Data entries
[Start of section]
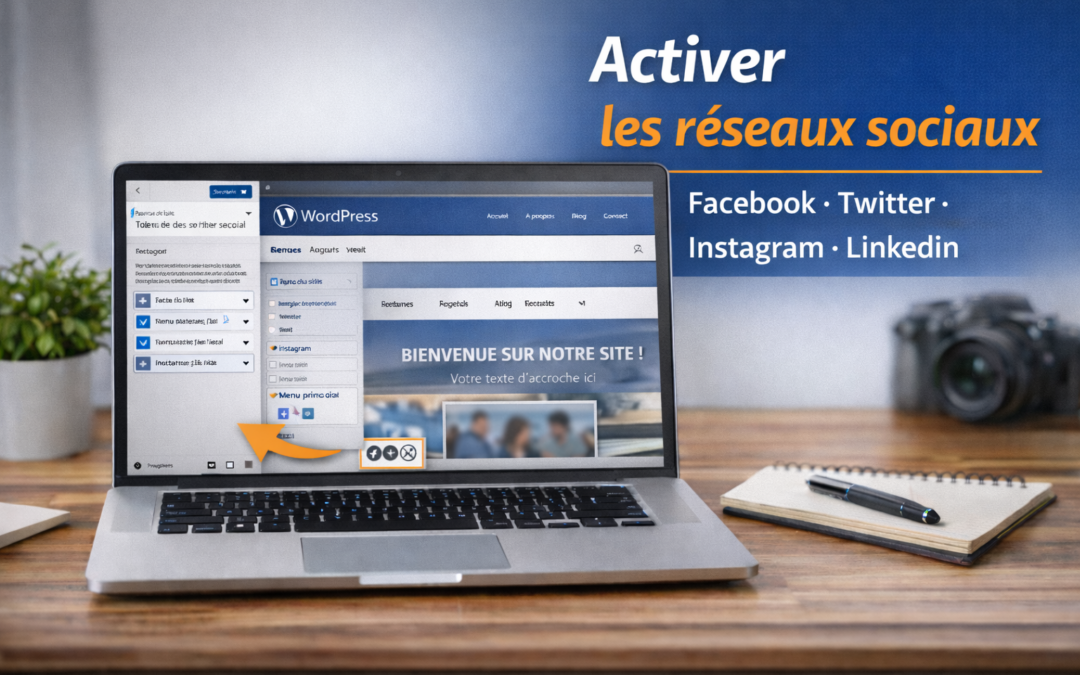 L’activation des réseaux sociaux permet d’afficher des liens vers les pages sociales de l’entreprise (Facebook, Instagram, LinkedIn, etc.) afin de faciliter la visibilité et l’accès aux profils depuis le site.
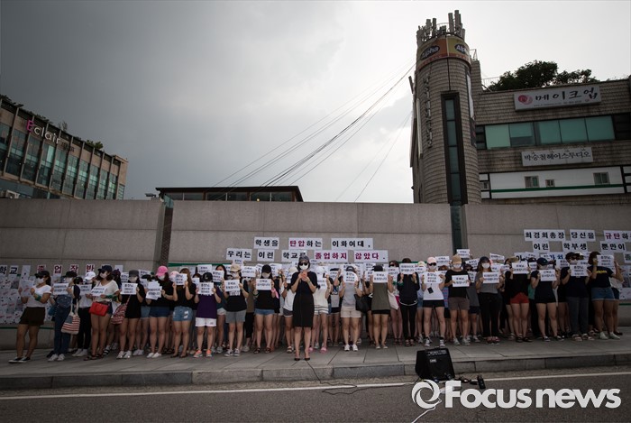(서울=포커스뉴스) 미래라이프 대학 설립에 반대하는 이화여대 졸업생들 및 재학생들이 2일 오후 서울 서대문구 이화여자대학교 정문 앞에서 졸업장 반납 시위를 하고 있다.
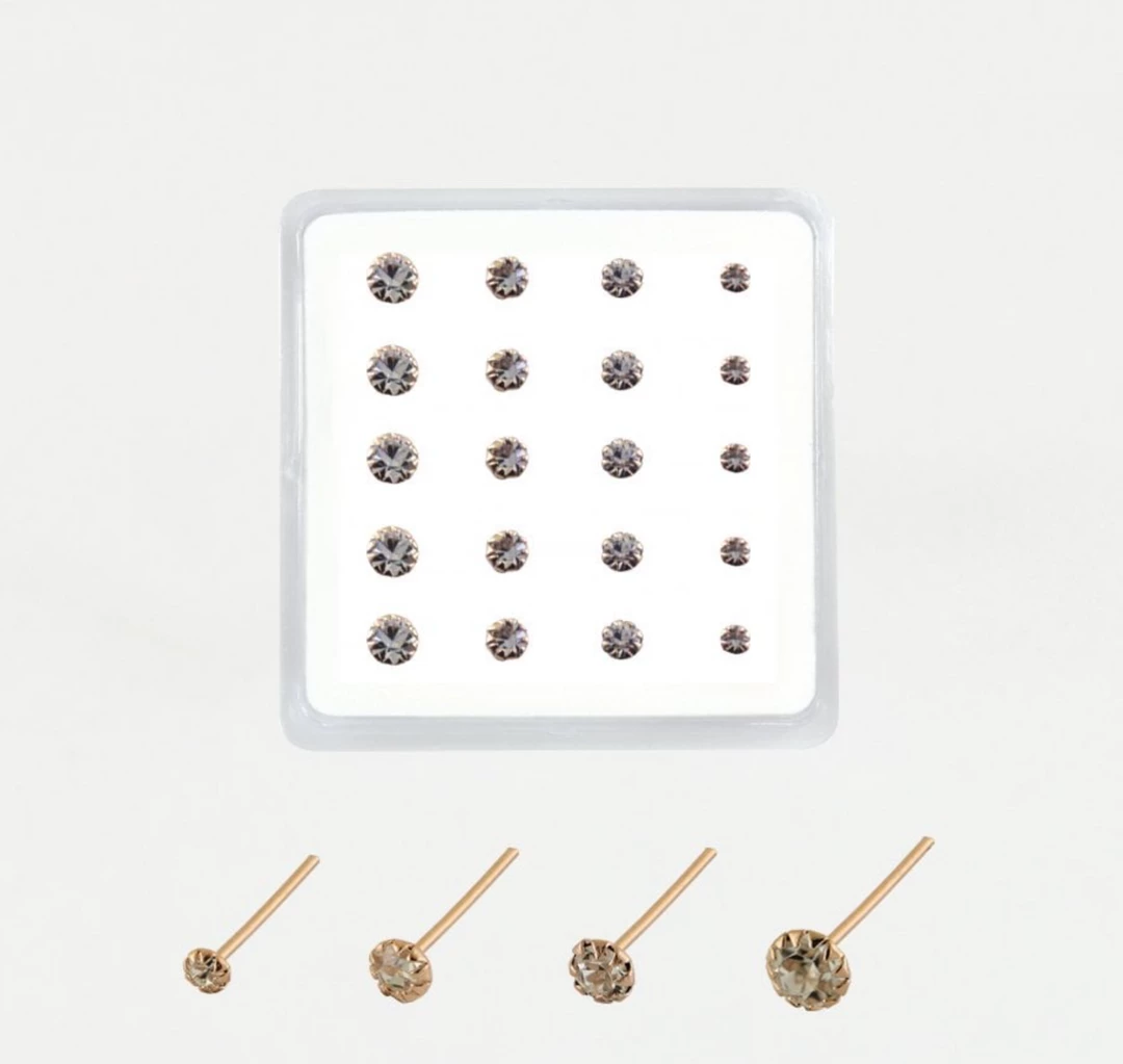 SquareΒ clear gem nose pins in Gold plated Sterling Silver. These nose pins have a straight back and are available in four sizes
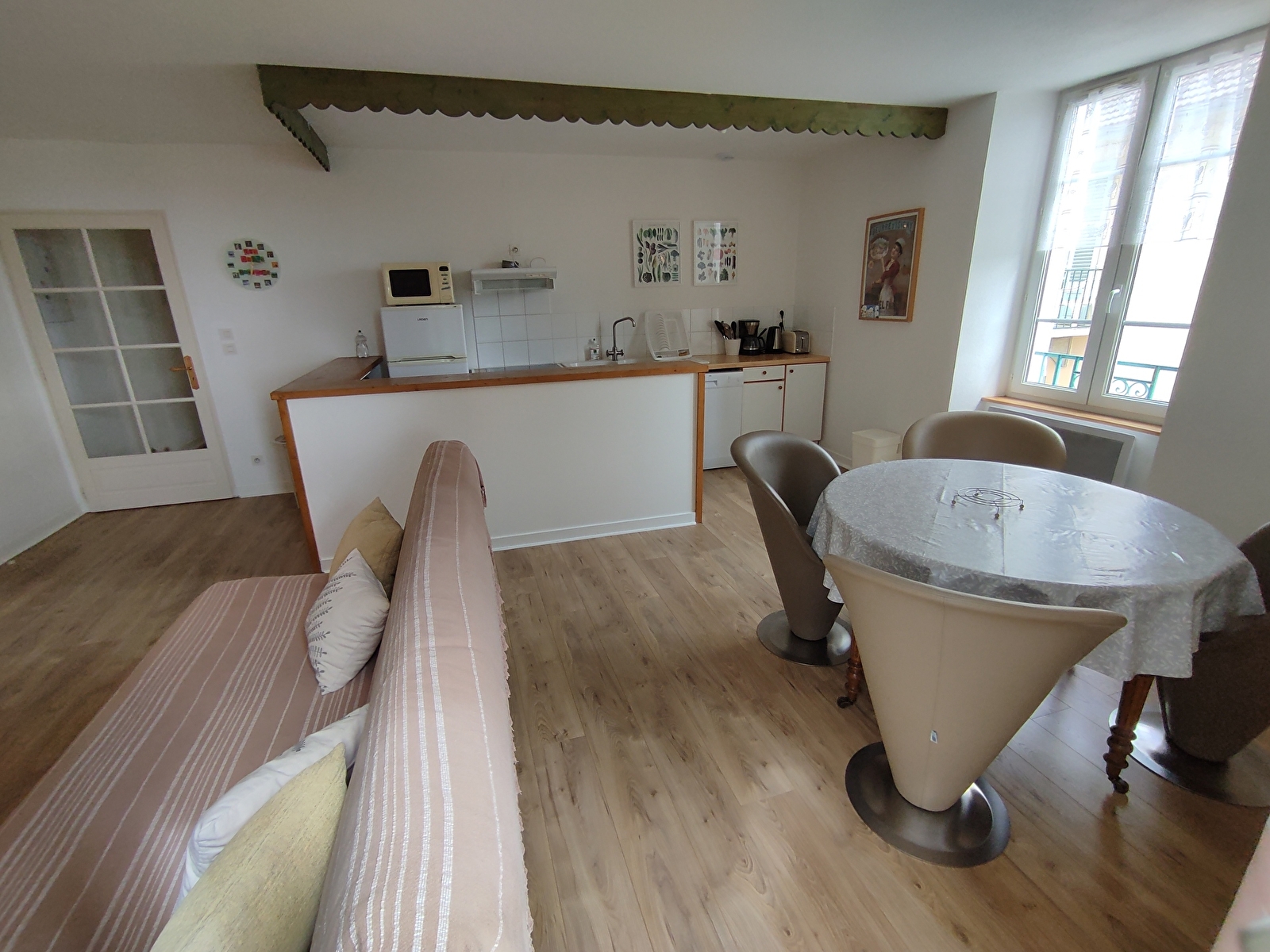 Appartement lumineux avec grande terrasse, 75m² au 1er étage, 2 chambre lit 140 et 2 lits 120, salle de bain baignoire, parc clos avec jeux, mobiliers de jardin, table ping-pong, parking privé. Animaux acceptés. A 200m des commercer, les plages à seulement 300m, situation géographique appréciée: à 10km les emblématiques Cascades du Hérisson et le site des 4 lacs -5 km la Frasnée et de la Fruitière 1900, 20km Lons-le-Saunier, Baume- -les-Messieurs, Château Chalon, Dole, Arbois, Salins les Bains
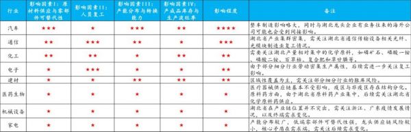 我们对涉及行业进行了行业初步调研,结合行业信息通过主观打分,“五颗星”代表供应链风险的即时性与程度最为严重。
[End of section]
### Directions for this task
The answer must be the lines of the entries above, written out exactly from the first through the one with "(서울=포커스뉴스) 미래라이프 대학", and no pictures.

### Solution
 L’activation des réseaux sociaux permet d’afficher des liens vers les pages sociales de l’entreprise (Facebook, Instagram, LinkedIn, etc.) afin de faciliter la visibilité et l’accès aux profils depuis le site.
(서울=포커스뉴스) 미래라이프 대학 설립에 반대하는 이화여대 졸업생들 및 재학생들이 2일 오후 서울 서대문구 이화여자대학교 정문 앞에서 졸업장 반납 시위를 하고 있다.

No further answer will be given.